▸ Exercise details
I need every line from the start of the material below up to and including the line containing "รูปหล่อโบราณรุ่นแรก เนื้อนวโลหะ หมายเลข", restated exactly, with the pictures omitted.

▸ Records for this exercise
________________________________________

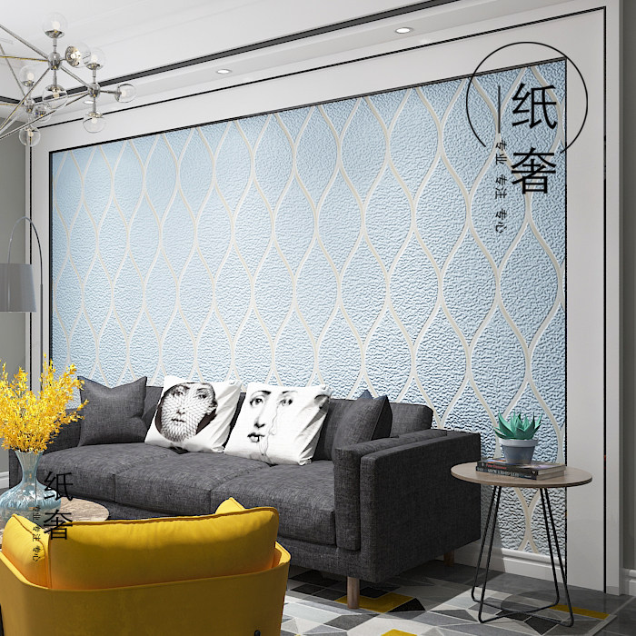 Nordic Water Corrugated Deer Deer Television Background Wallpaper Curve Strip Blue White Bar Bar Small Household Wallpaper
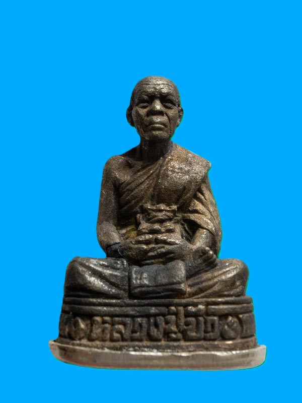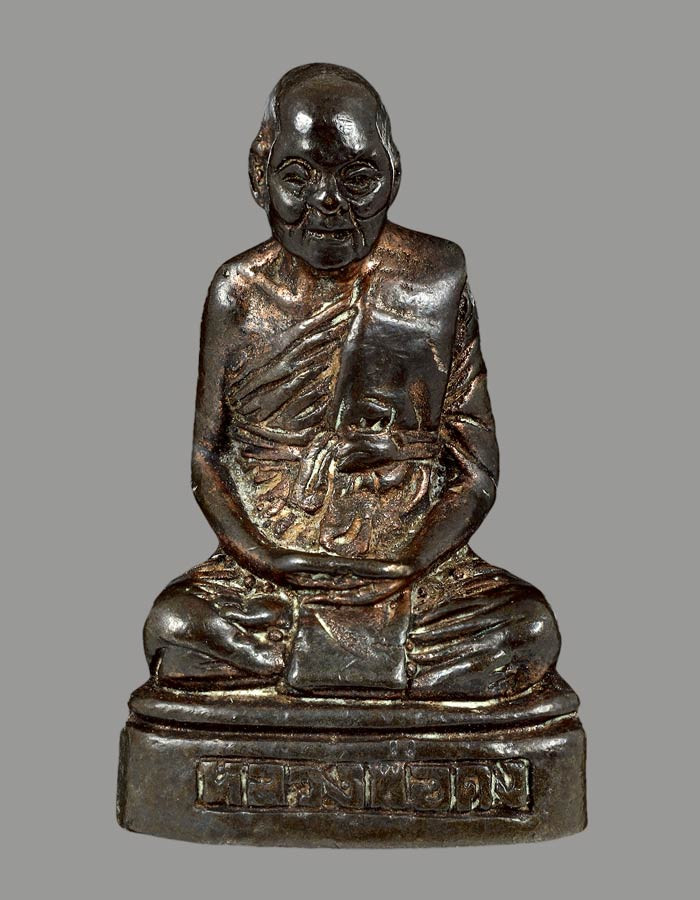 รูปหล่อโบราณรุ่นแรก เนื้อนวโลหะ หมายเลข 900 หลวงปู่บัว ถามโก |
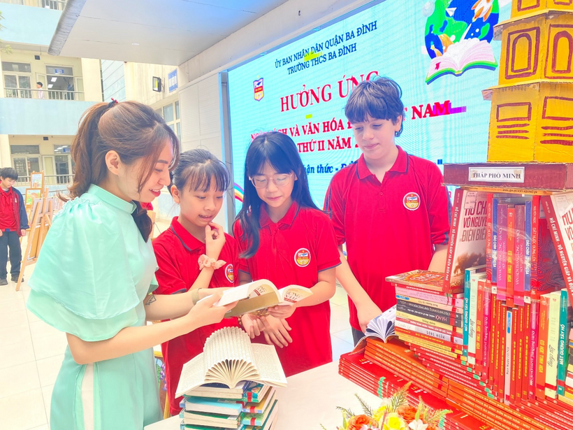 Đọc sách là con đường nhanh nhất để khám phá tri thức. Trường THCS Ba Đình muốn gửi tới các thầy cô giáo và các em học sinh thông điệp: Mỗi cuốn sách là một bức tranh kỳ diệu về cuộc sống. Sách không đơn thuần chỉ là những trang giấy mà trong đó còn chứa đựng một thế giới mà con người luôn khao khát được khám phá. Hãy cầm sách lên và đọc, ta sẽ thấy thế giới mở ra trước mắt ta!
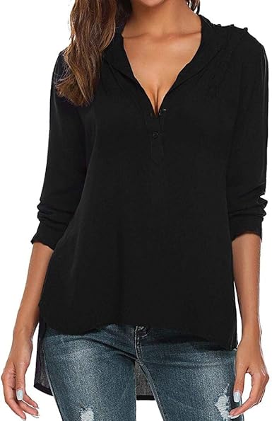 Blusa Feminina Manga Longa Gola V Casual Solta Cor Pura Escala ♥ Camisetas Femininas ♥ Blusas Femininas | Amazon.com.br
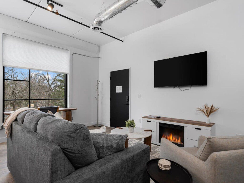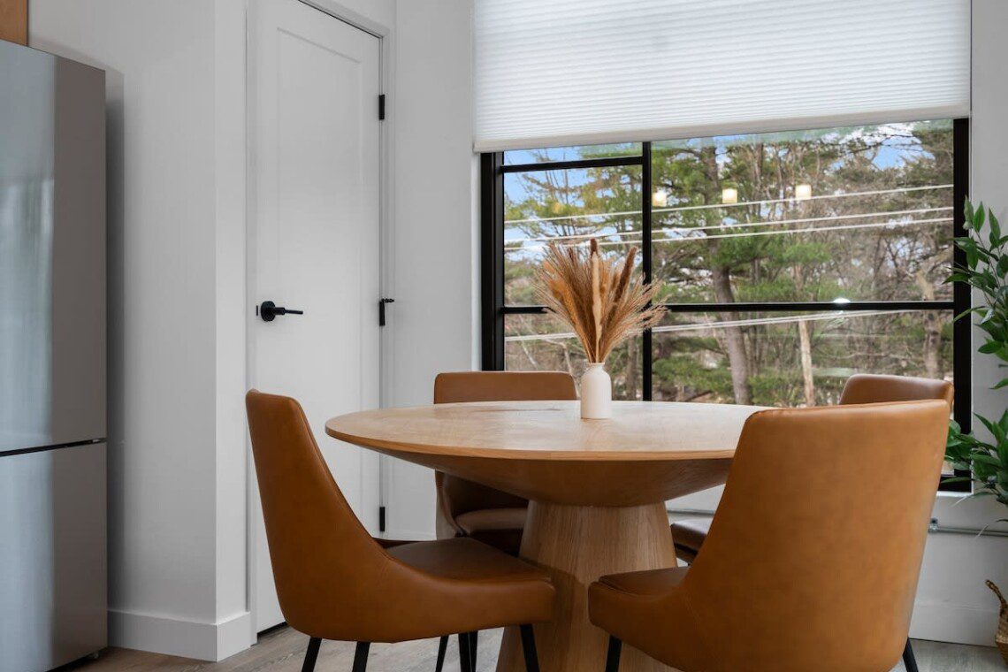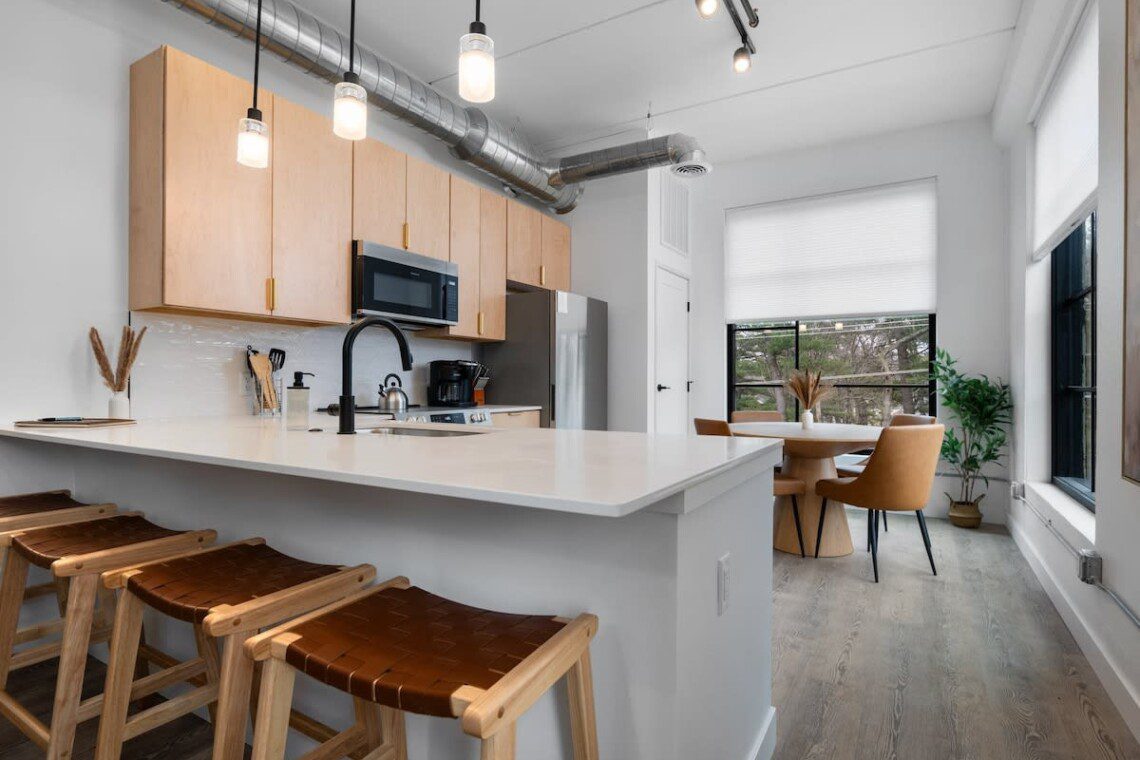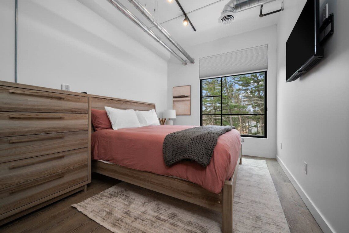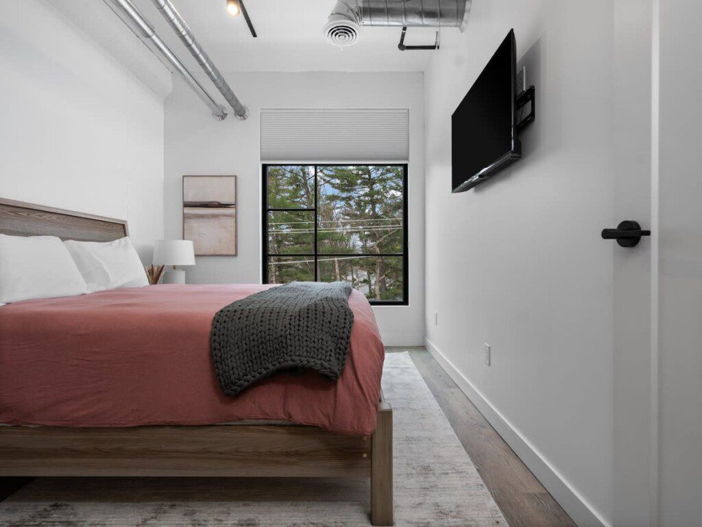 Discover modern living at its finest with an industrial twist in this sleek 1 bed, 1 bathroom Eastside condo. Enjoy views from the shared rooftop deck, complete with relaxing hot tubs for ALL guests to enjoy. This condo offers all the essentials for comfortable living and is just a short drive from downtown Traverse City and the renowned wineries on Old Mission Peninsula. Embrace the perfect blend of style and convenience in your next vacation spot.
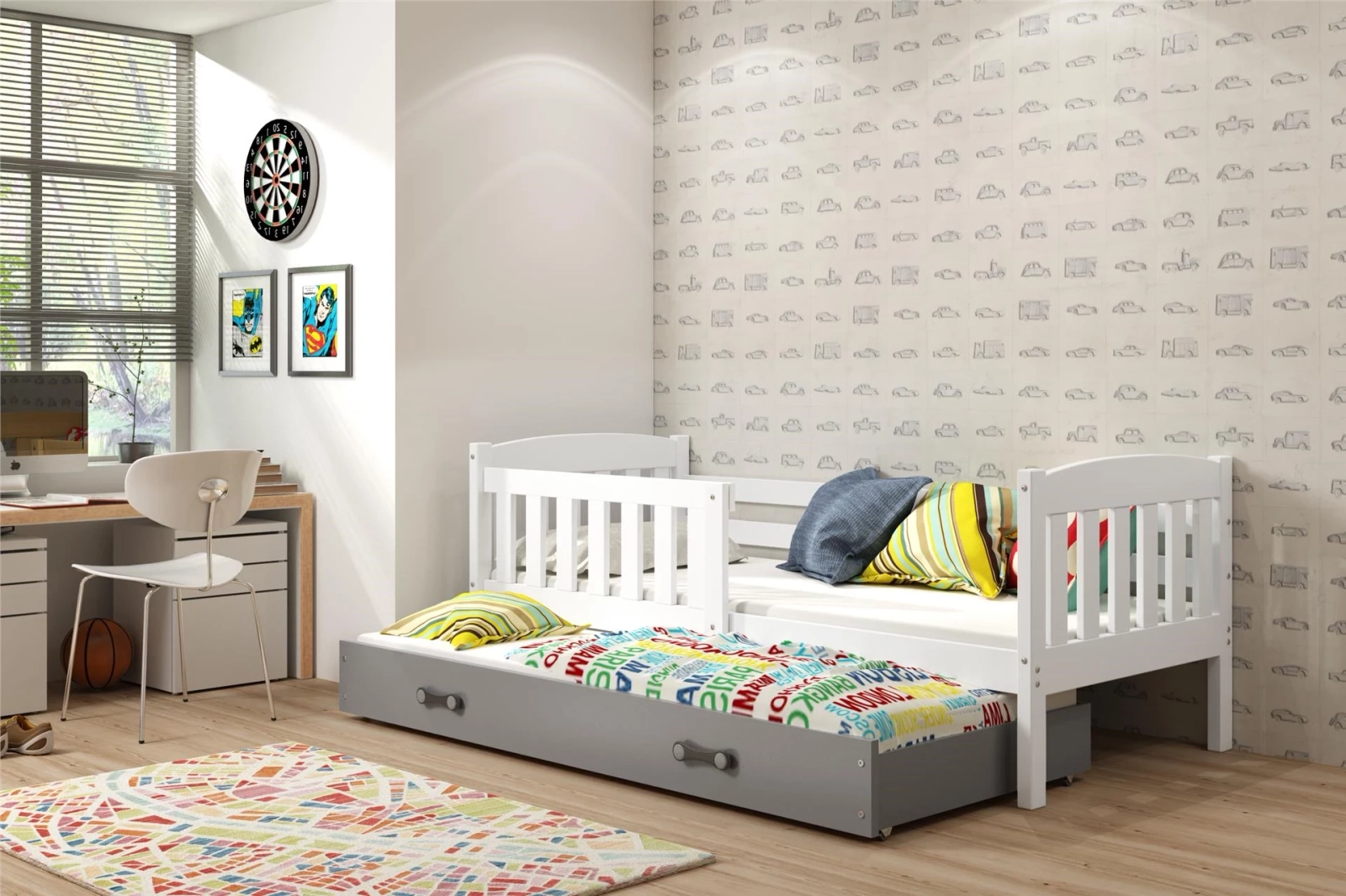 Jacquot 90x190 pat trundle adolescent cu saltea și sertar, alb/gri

________________________________________

▸ Reply
 Nordic Water Corrugated Deer Deer Television Background Wallpaper Curve Strip Blue White Bar Bar Small Household Wallpaper
 รูปหล่อโบราณรุ่นแรก เนื้อนวโลหะ หมายเลข 900 หลวงปู่บัว ถามโก |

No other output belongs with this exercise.